This infinite sum yields a *finite result*. If you want to understand this concept more deeply, then research infinite series convergence. For our purposes though, you’re free to just trust the fact that this is true, and understand the infinite sum of discounted returns is finite *if the conditions we outlined are met*. 

## 3. Policies and Value Functions - Good Actions for a Reinforcement Learning Agent

### How good is a state or action? 
With all the possible actions that an agent may be able to take in all the possible states of an environment, there are a couple of things that we might be interested in understanding.

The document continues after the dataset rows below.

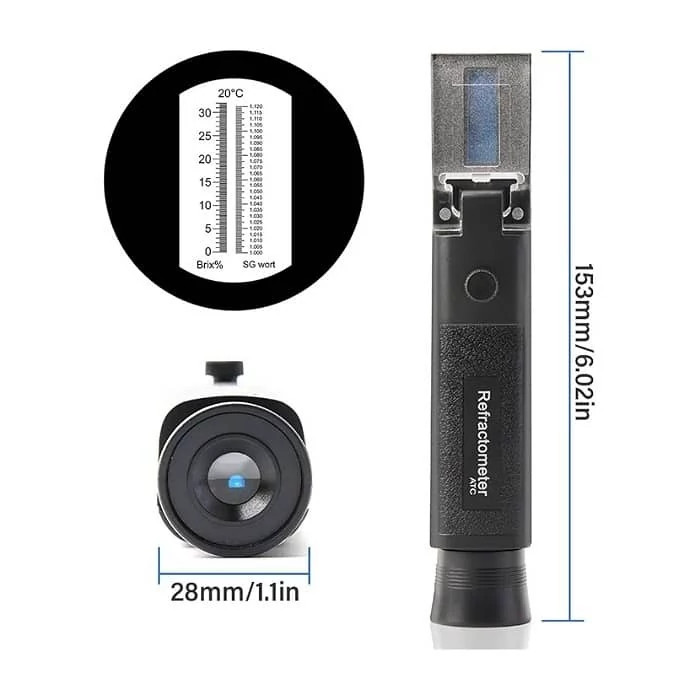 رفراکتومتر دوکاره بریکس وSG داری درجه بندی Brix وSG دامنه اندازه گیری 0 تا 32 بریکس دامنه اندازه گیری 1.000 تا 1.120 SG دارای پیچ کالیبره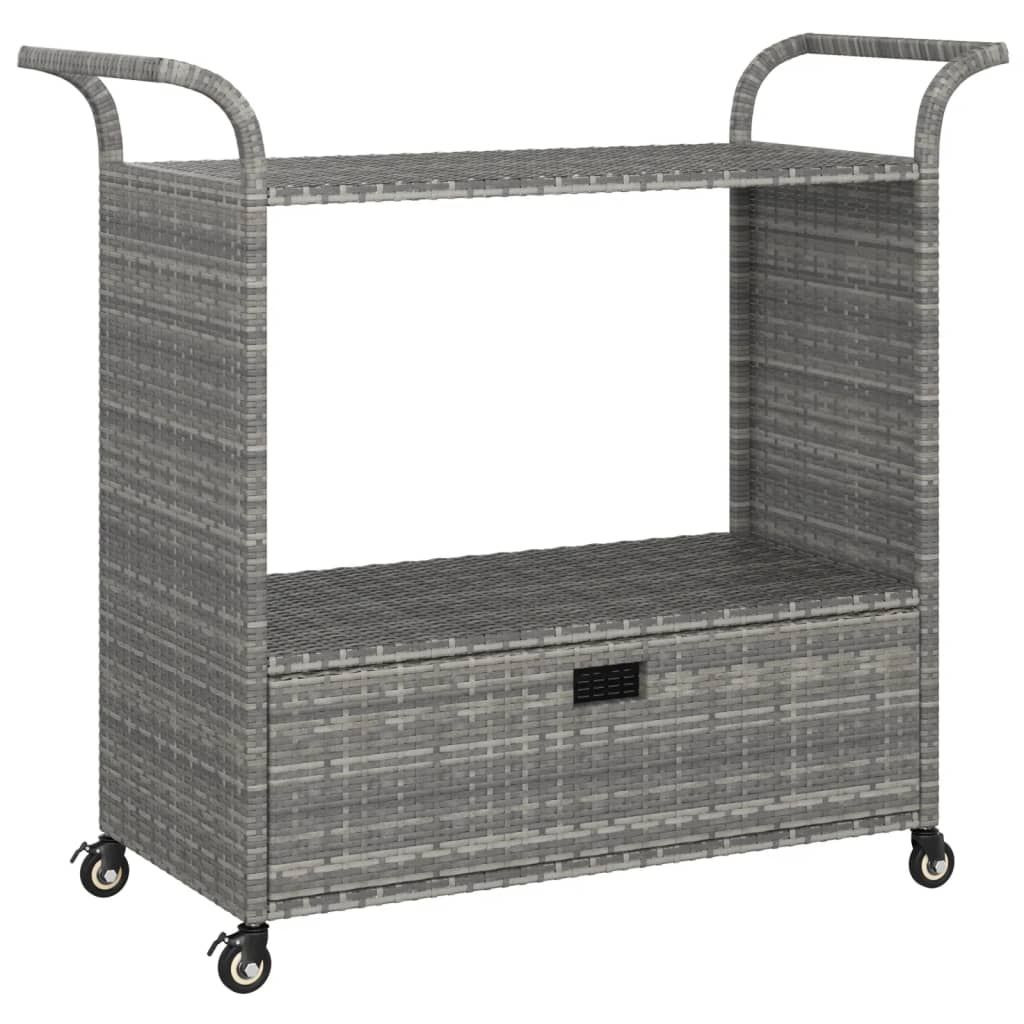 Home > Bar Cart with Drawer Gray 39.4"x17.7"x38.2" Poly Rattan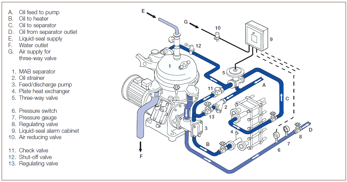The oil is pumped, heated, and separated as shown in the figure. A liquid seal in the separator bowl prevents the oil from escaping through the water outlet. If this seal is broken, an alarm device is activated. With unmanned engine rooms, the signals are transmitted to a remote control unit. When the seal is broken, the three-way valve shuts off the oil feed and the oil is recirculated until the fault is corrected.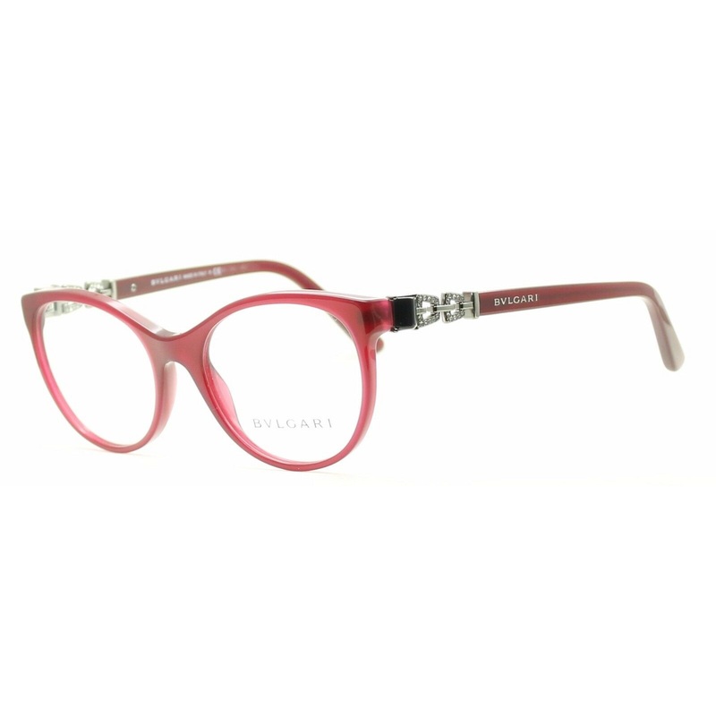 BVLGARI Ladies Full Rim Frames - 100% Authentic - 4099-B 5333Gloss transparent burgundy red acetate frames with matching arms inlaid with Bvlgari logos and stone set ruthenium hingesNever been wornLens Width = 51mmFrame Depth = 45mmBridge = 18mmTemple (Arm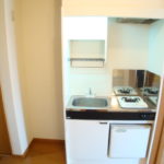 初めての一人暮らしの人にもお勧めしたいアパートです。玄関を入るとダイニングキッチンとはいかないですが、ふわっと広がるキッチン周りの空間は、他の多くの細長いアパートの間取りとは違いを感じます。ちょっとした食器戸棚を置くには厳しいですが、食器類などないよという人には、キッチン、洗面、洗濯機置場、バスルームのレイアウトが使いやすくて良いと思います。
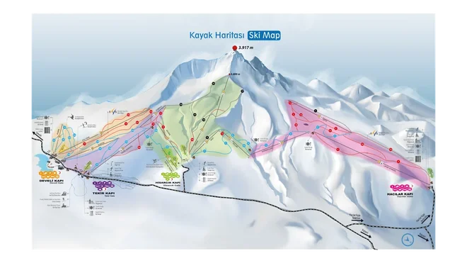 Hotel disponuje skvělou lokací – pouhých 100 metrů od nejbližšího lyžařského střediska Develi a 500 metrů od střediska Tekir. Dominuje jim nejmodernější turecký lyžařský areál, totiž Erciyes Ski Resort, který zahrnuje 102 tratí, z toho 55 kilometrů upravovaných. Najdete tu 2 kabinkové lanovky, 11 sedačkových lanovek a 1 vlek, samozřejmostí je půjčovna lyžařského vybavení.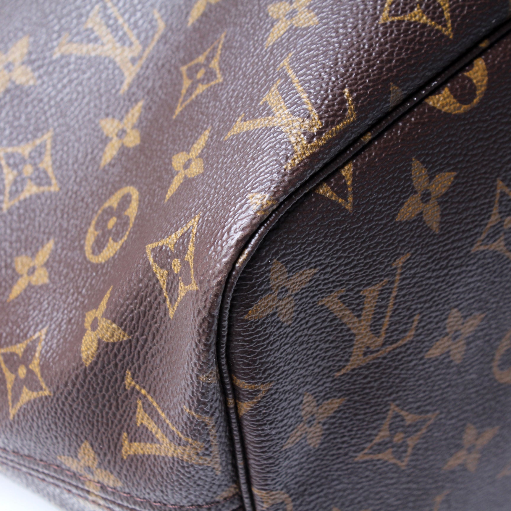 This pre-owned Louis Vuitton Neverfull MM is guaranteed 100% authentic. The exterior is in the classic Louis Vuitton Monogram coated canvas.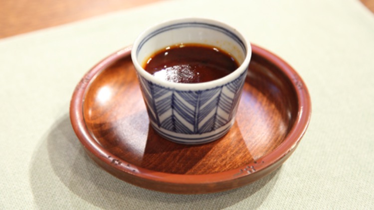試食させていただいた「フォアグラのロワイヤル」。しっとり仕上がったムースをひと口食べるとフォアグラの濃厚な味と香りが口の中に広がりました。そして、トリュフのソースと絡み合って生まれる深みのある味わい。そのおいしさに感動する一方で、気づいたのが和食器の効果。実際に食べてみるまでわかりませんでしたが、和食器でいただくことで、どこかほっとするようなやさしさや温かみを感じ、少し不思議な気分になりました。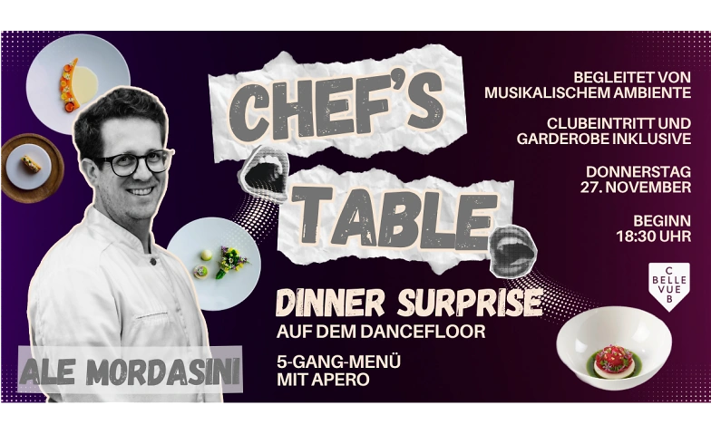 Ein Abend, der Kulinarik, Musik und Nachtkultur verbindet: Am 27. November verwandelt sich der Club Bellevue in einen exklusiven Chef’s Table mit Ale Mordasini und Team. Die Gäste erleben den Küchenchef in intimer Atmosphäre, begleitet von feinen Klängen und einem sorgfältig komponierten 5-Gänge-Menü. Jeder Gang wird live inszeniert – nahbar, persönlich und voller Raffinesse.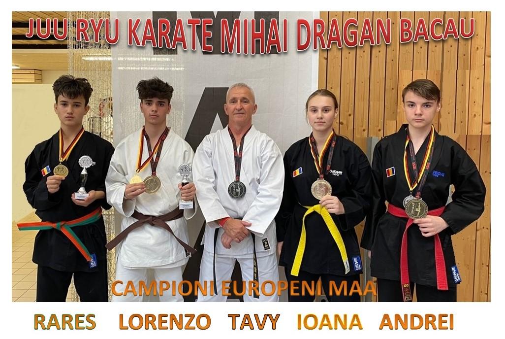 1800 km, multe probleme, bani puțini și o pasiune dusă la extrem. Rezultatul? Opt titluri de campioni europeni pentru sportivii crescuți de Octavian Adam la Kanku Dai și formați la Școala „Mihai Drăgan”, o adevărată pepinieră a sportului de performanță. Cei cinci sportivi care au reprezentat Bacăul la Campionatul European de Karate Interstiluri desfășurat luna aceasta în Germania, la Rottendorf au fost apreciați pentru măestria lor în cele trei stiluri prezentate: shotokan, godai ryu, juu ryu karate.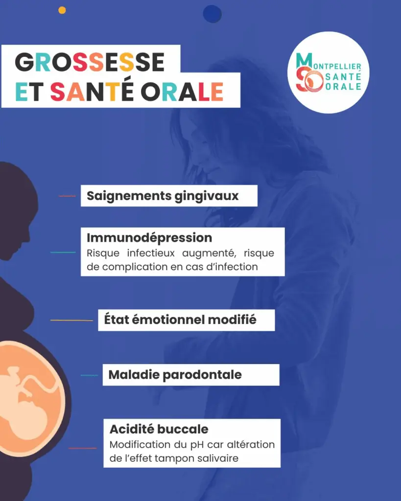 Les pathologies bucco-dentaires chez la femme enceinte sont celles que l’on retrouve dans la population générale mais elles peuvent être accentuées par les modifications physiologiques (hormonales, salivaires, bactériennes, immunologiques) et peuvent aussi avoir des conséquences sur l’enfant à naître.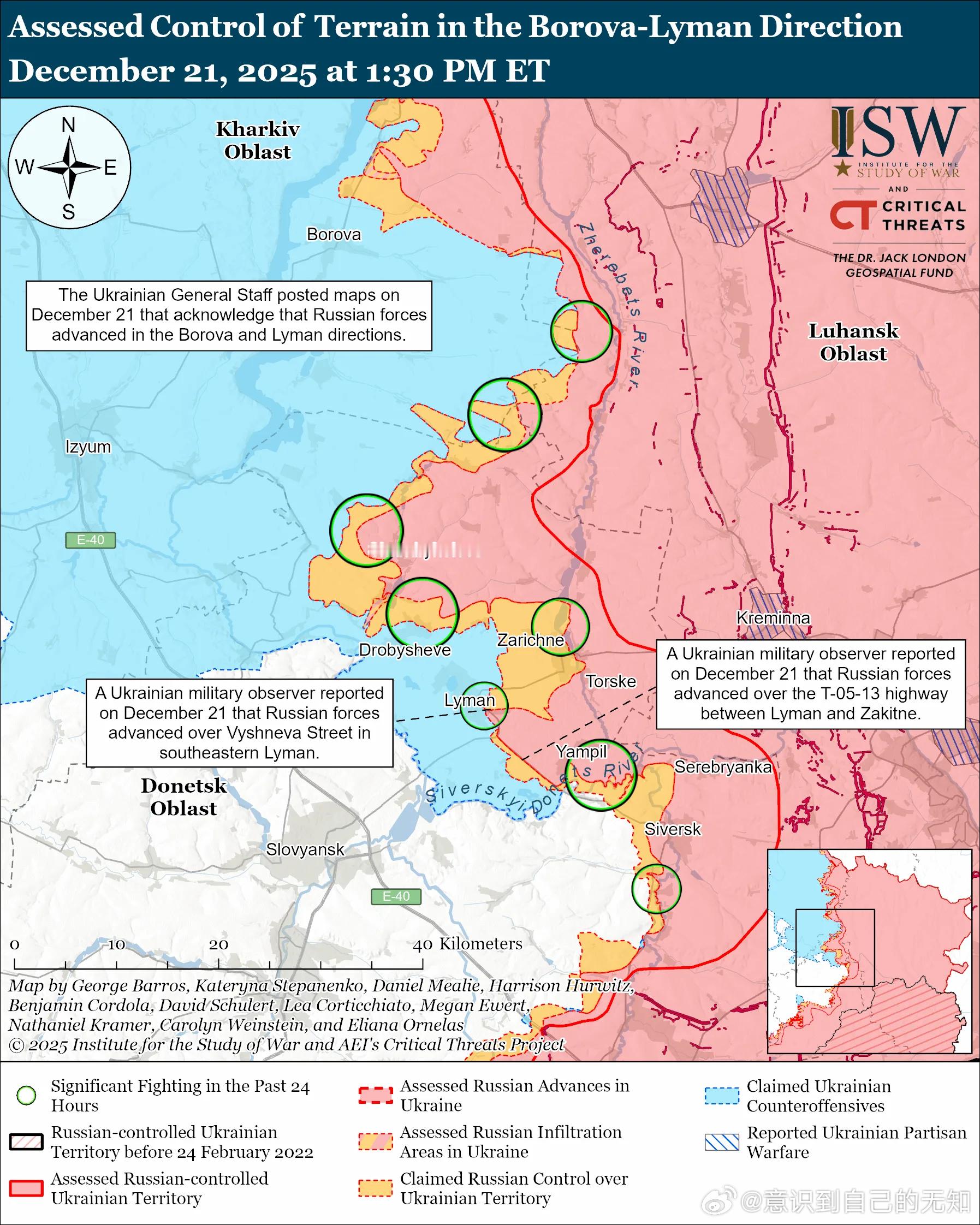 俄军主要行动2俄军目标:占领卢甘斯克州剩余部分,向西推进至哈尔科夫州东部,并包围顿涅茨克州北部。12月21日俄军继续向库皮扬斯克方向发起进攻,但并未取得进展。12月20日至21日,俄军攻击了彼得罗巴甫利夫卡附近的库皮扬斯克以东以及斯特波娃诺沃塞利夫卡、库里利夫卡、赫卢什基夫卡和皮什哈内附近的库皮扬斯克东南部。 战斗序列:据报道俄第 352 摩步团(第 11 军,列宁格勒军区)继续在库皮扬斯克方向作战。俄军最近向博罗瓦方向推进。评估俄军推进情况:乌克兰总参谋部于 12 月 21 日发布地图,承认俄军已在泽列尼海以南、谢尔盖夫卡以西(均在博罗瓦以东)和新沃迪亚内(博罗瓦东南)出现。12月20日至21日,俄军攻击了新普拉托尼夫卡附近的博罗瓦北部、新克鲁利亚基夫卡和博胡斯拉夫卡附近的博罗瓦东北部、新霍里夫卡、奥尔希夫卡和新沃迪亚内附近的博罗瓦东南部,以及德鲁热柳比夫卡和斯特波韦。 俄军最近向斯拉维扬斯克-莱曼方向推进。评估俄军推进情况:乌克兰军事观察员马绍韦茨于12月21日报告称,俄军目前占据了莱曼东南部的阵地。乌克兰总参谋部于12月21日公布的地图显示,俄军在谢列德涅北部和南部、德罗比舍韦东北部(均位于莱曼西北部)以及新米哈伊利夫卡东部(位于莱曼北部)均有驻军。俄军于 12 月 20 日和 21 日在莱曼城附近和城内发动进攻;在莱曼城西北部靠近谢列德涅和德罗比舍韦、科罗维亚尔附近发动进攻;在莱曼城北部靠近里德科杜布和斯塔夫基附近发动进攻;在莱曼城东北部靠近科洛迪亚齐附近发动进攻;在莱曼城东部靠近扎里奇涅附近发动进攻。马绍韦茨报告称,俄军在莱曼方向的进攻行动主要集中在第144摩步师(莫斯科军区第20合成集团军)的责任区内,从尚德里霍洛夫到亚罗瓦(均位于莱曼西北部),以及第164和169摩步旅(中央军区第25合成集团军)的责任区内,从扬皮尔到奥泽尔内(均位于莱曼东南部)和莱曼东南部。马绍韦茨报告称,俄军指挥部正在同时追求几个战术目标,包括夺取亚罗瓦-新谢利夫卡-德罗比舍韦-普里希布地区(位于莱曼北部至西北部),以切断乌克兰从西北方向进入莱曼的地面交通线;抵达奥泽尔内附近的西维尔斯基顿涅茨河,并占领迪布罗瓦(位于莱曼东南),为从东南和东部进攻莱曼创造条件;同时支援在西维尔斯基顿涅茨河对岸锡韦尔斯克方向作战的第3集团军(南部军区)部队。马绍韦茨评估认为,俄军可能已抵达扬皮尔以东的西维尔斯基顿涅茨河,并正在打击扎基特涅和普拉托尼夫卡(均位于锡韦尔斯克西北部)附近的乌克兰部队。作战序列:马绍韦茨报告称,俄军第1和第15摩步团(均隶属于第1近卫坦克集团军第2摩步师)正在莱曼方向作战。第237坦克团(隶属于第20装甲集团军第3摩步师)正在莱曼方向作战。

First, we'd probably like to know how likely it is for an agent to take any given action from any given state. In other words, what is the probability that an agent will select a specific action from a specific state? This is where the notion of policies come into play, and we'll expand on this in just a moment.

Secondly, in addition to understanding the probability of selecting an action, we'd probably also like to know how good a given action or a given state is for the agent. In terms of rewards, selecting one action over another in a given state may increase or decrease the agent's rewards, so knowing this in advance will probably help our agent out with deciding which actions to take in which states. This is where value functions become useful, and we'll also expand on this idea in just a bit.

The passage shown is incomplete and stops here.